== Available data
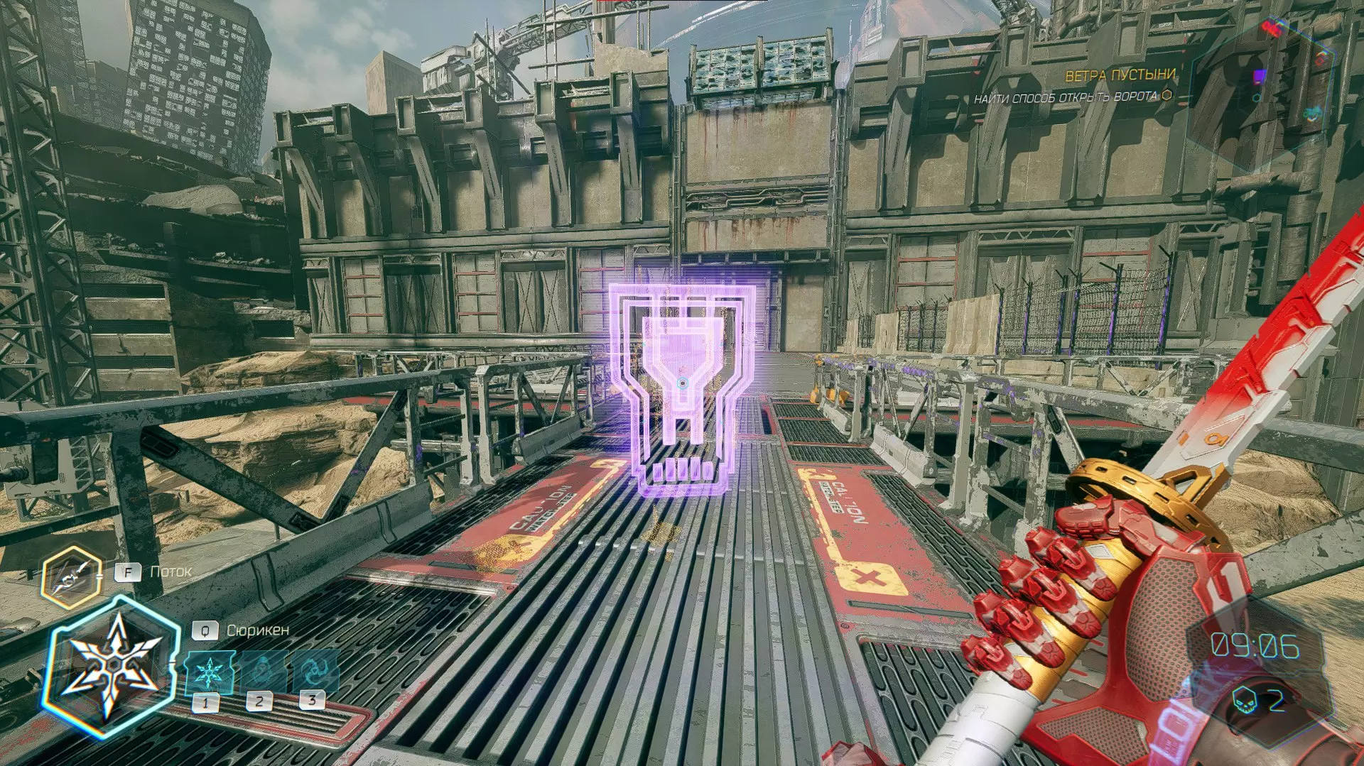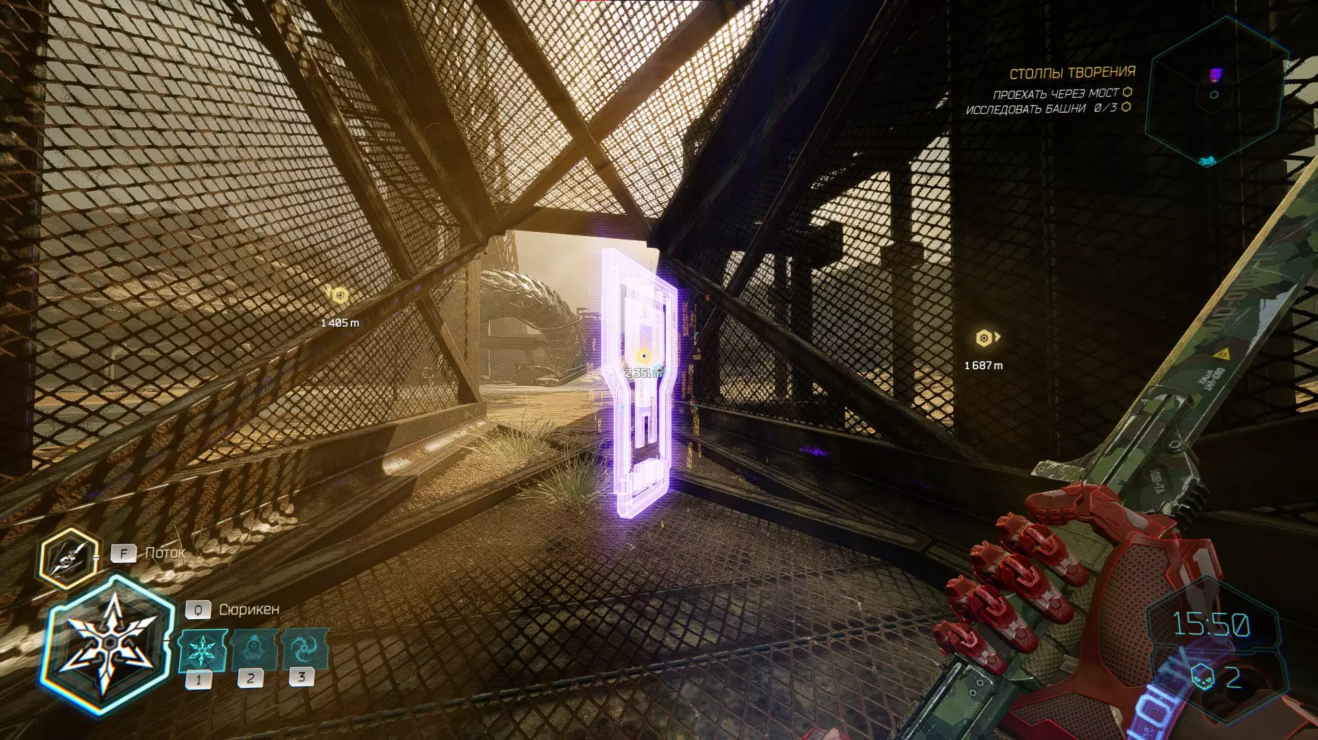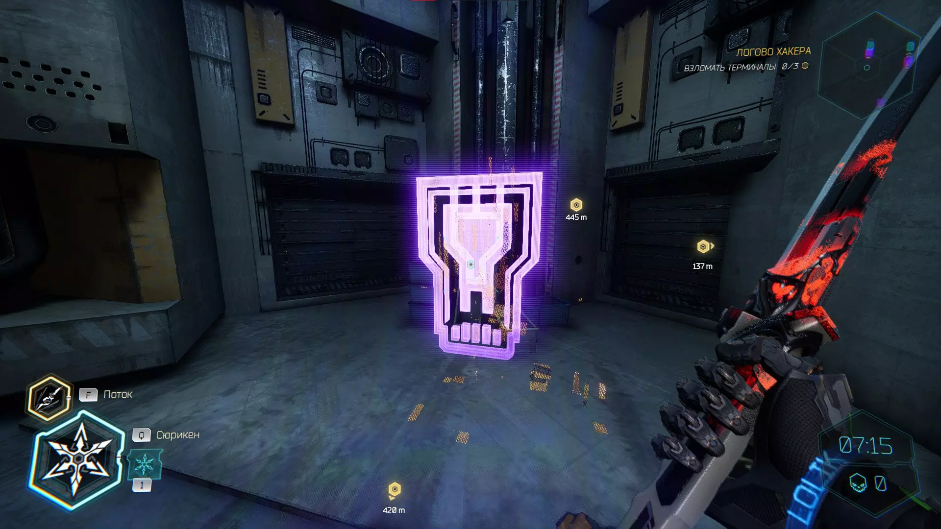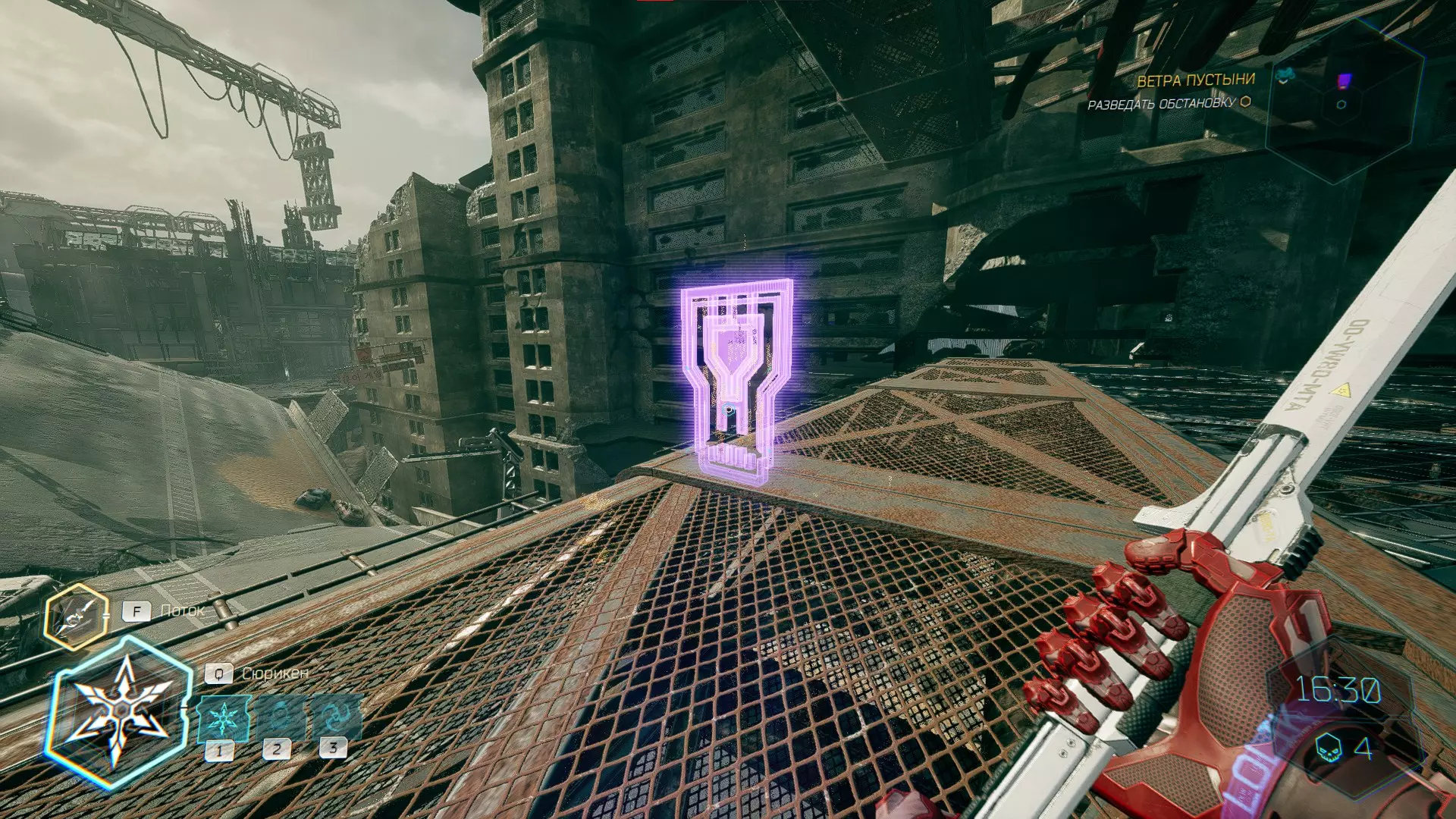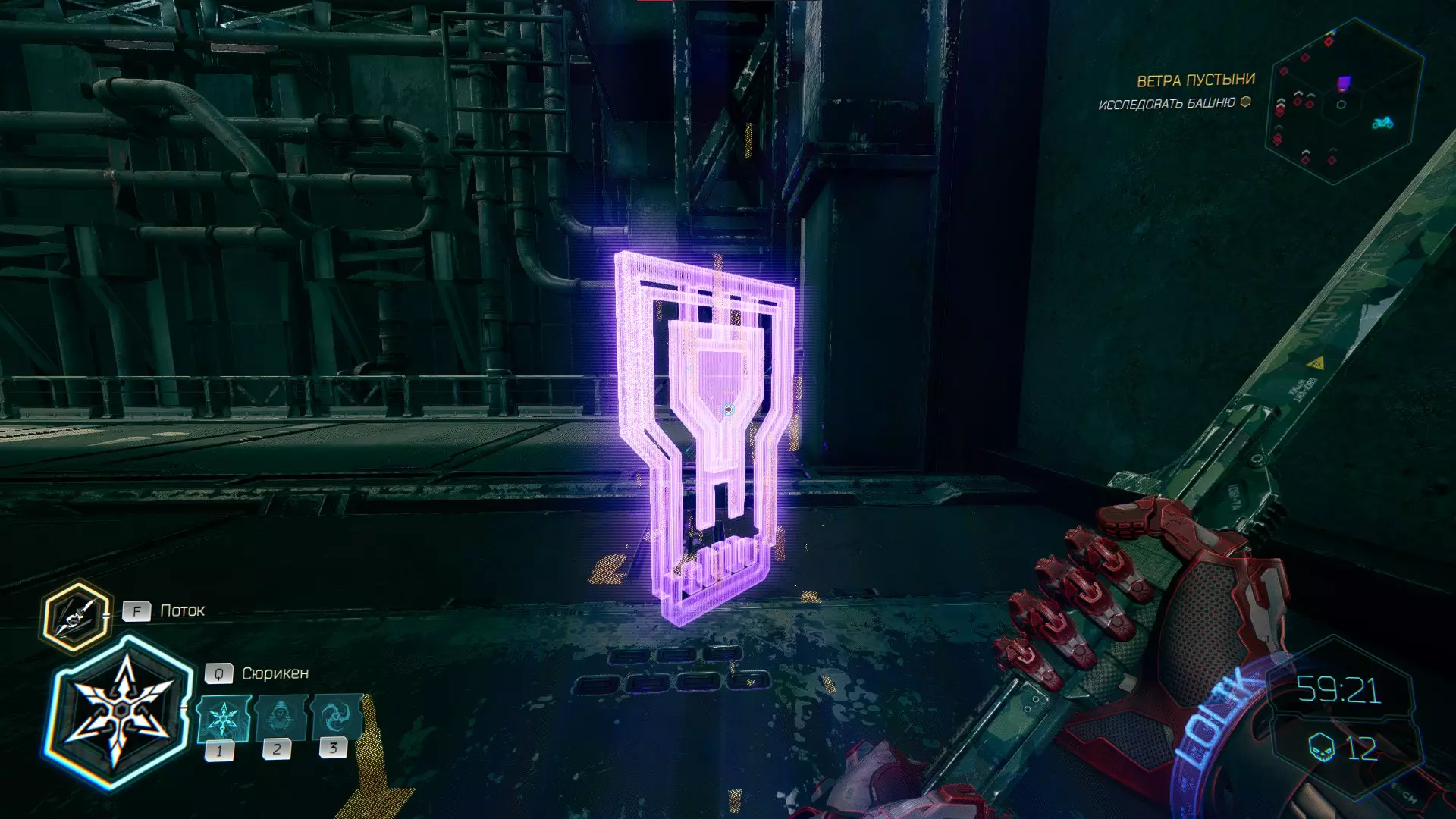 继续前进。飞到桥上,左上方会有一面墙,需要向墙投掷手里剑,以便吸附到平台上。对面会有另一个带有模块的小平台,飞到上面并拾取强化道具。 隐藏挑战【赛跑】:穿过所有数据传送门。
====
== Available data
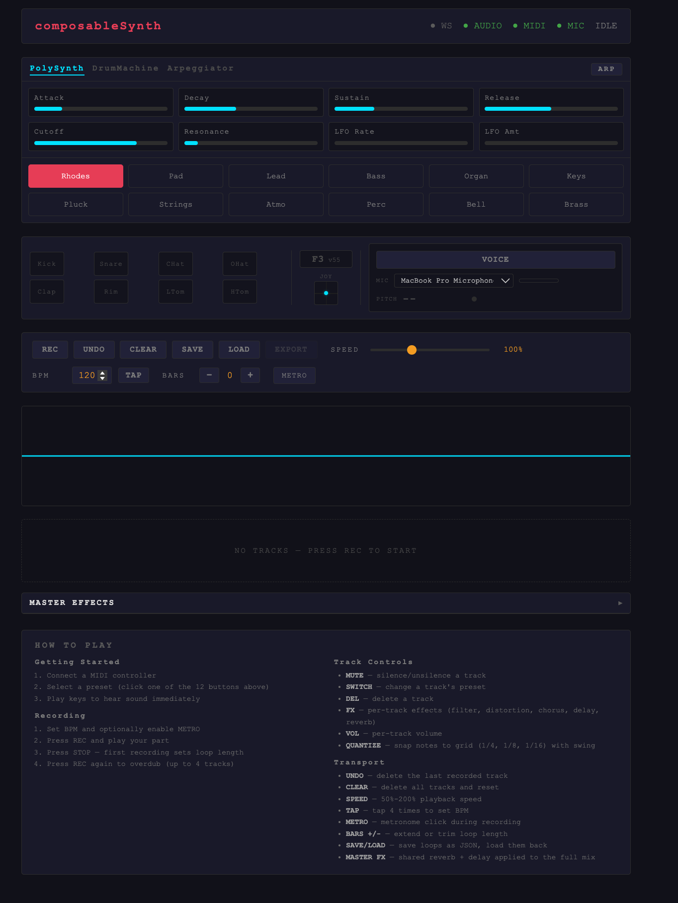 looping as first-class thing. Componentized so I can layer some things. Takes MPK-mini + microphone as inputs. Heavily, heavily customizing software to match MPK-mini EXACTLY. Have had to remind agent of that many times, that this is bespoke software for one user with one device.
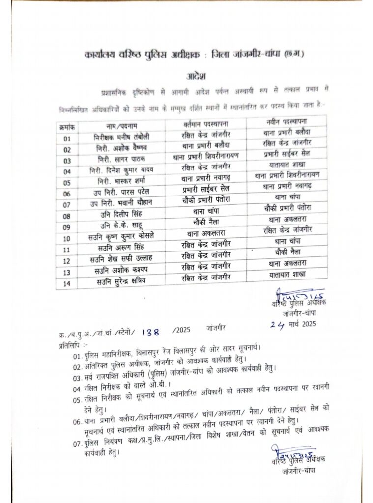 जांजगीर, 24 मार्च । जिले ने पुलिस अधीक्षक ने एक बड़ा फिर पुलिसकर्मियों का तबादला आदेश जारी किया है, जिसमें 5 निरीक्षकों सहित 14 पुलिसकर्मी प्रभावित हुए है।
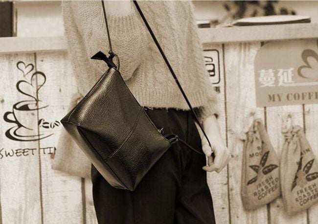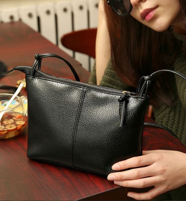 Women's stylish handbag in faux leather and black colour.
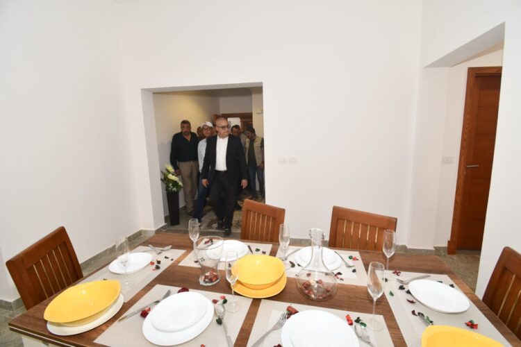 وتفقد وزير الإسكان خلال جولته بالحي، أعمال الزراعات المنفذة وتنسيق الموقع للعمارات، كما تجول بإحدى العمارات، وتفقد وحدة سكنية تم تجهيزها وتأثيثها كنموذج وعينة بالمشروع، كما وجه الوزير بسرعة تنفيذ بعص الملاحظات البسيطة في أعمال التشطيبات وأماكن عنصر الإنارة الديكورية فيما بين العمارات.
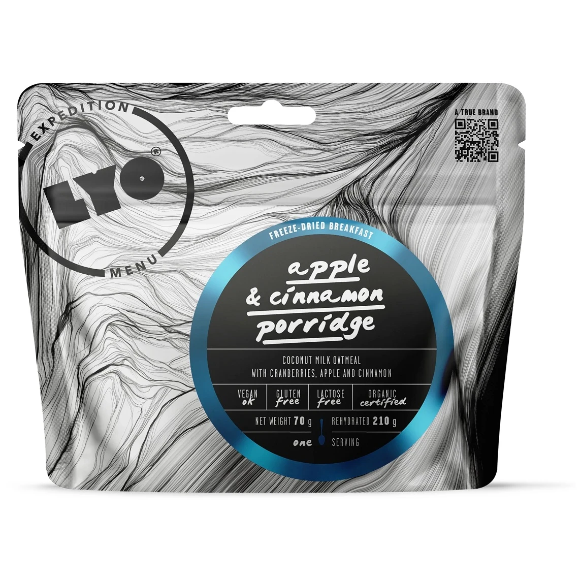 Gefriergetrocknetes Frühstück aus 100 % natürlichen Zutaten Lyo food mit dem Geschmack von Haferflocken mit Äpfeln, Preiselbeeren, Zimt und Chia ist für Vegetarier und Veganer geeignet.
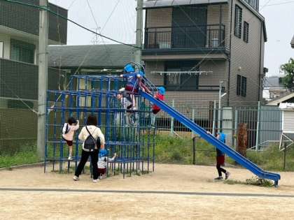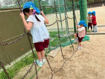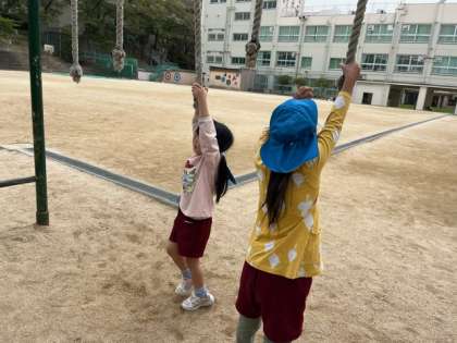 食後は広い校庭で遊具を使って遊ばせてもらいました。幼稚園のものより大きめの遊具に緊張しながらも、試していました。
====
== Available data
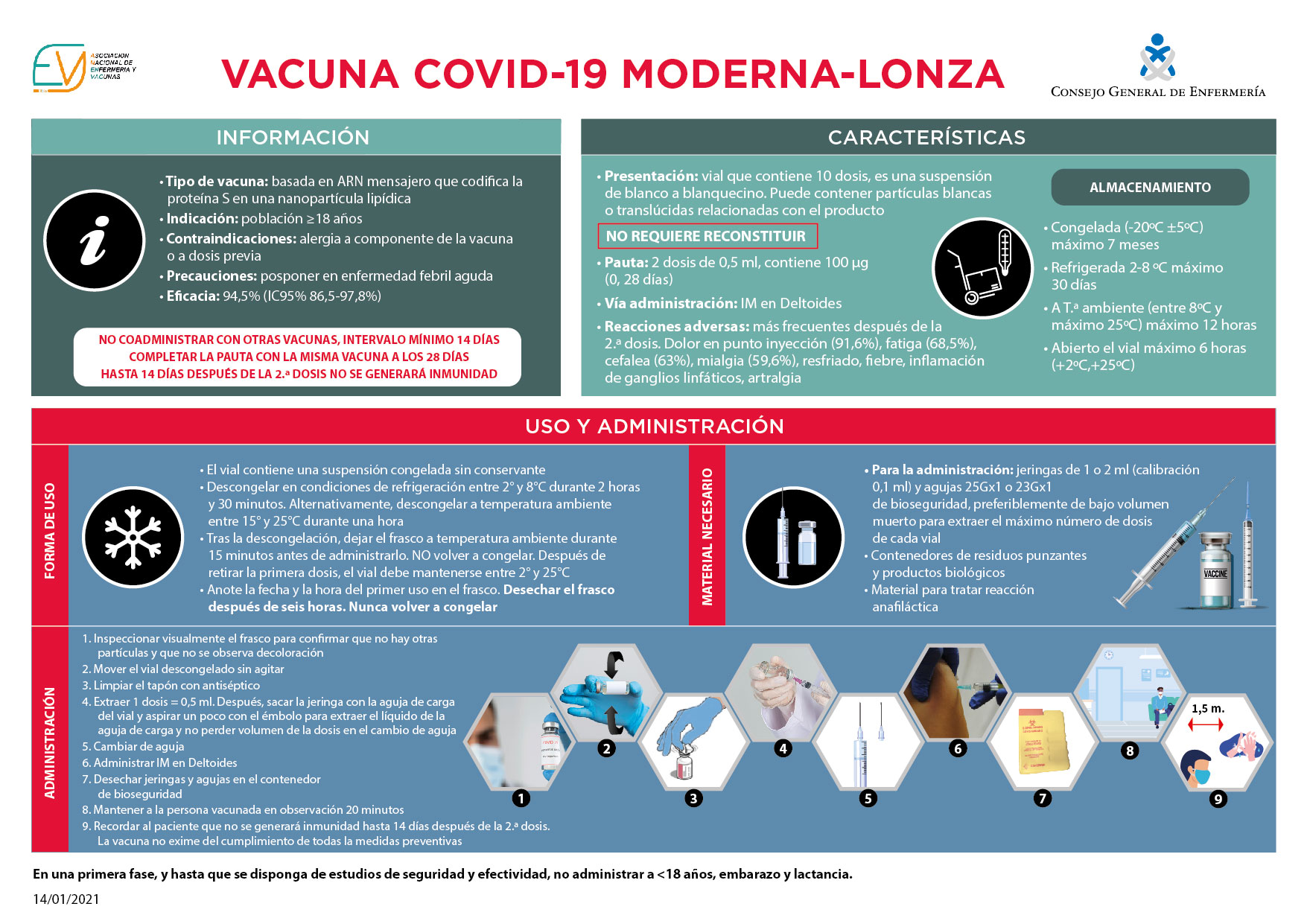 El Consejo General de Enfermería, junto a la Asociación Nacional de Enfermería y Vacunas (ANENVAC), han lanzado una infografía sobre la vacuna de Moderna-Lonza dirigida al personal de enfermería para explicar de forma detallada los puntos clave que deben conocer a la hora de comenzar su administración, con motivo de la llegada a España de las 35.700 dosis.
====
Among the lines above, the one with "Gefriergetrocknetes Frühstück aus" opens the part to repeat and the one with "食後は広い校庭で遊具を使って" closes it; repeat only that part exactly, with no pictures.

 Gefriergetrocknetes Frühstück aus 100 % natürlichen Zutaten Lyo food mit dem Geschmack von Haferflocken mit Äpfeln, Preiselbeeren, Zimt und Chia ist für Vegetarier und Veganer geeignet.
 食後は広い校庭で遊具を使って遊ばせてもらいました。幼稚園のものより大きめの遊具に緊張しながらも、試していました。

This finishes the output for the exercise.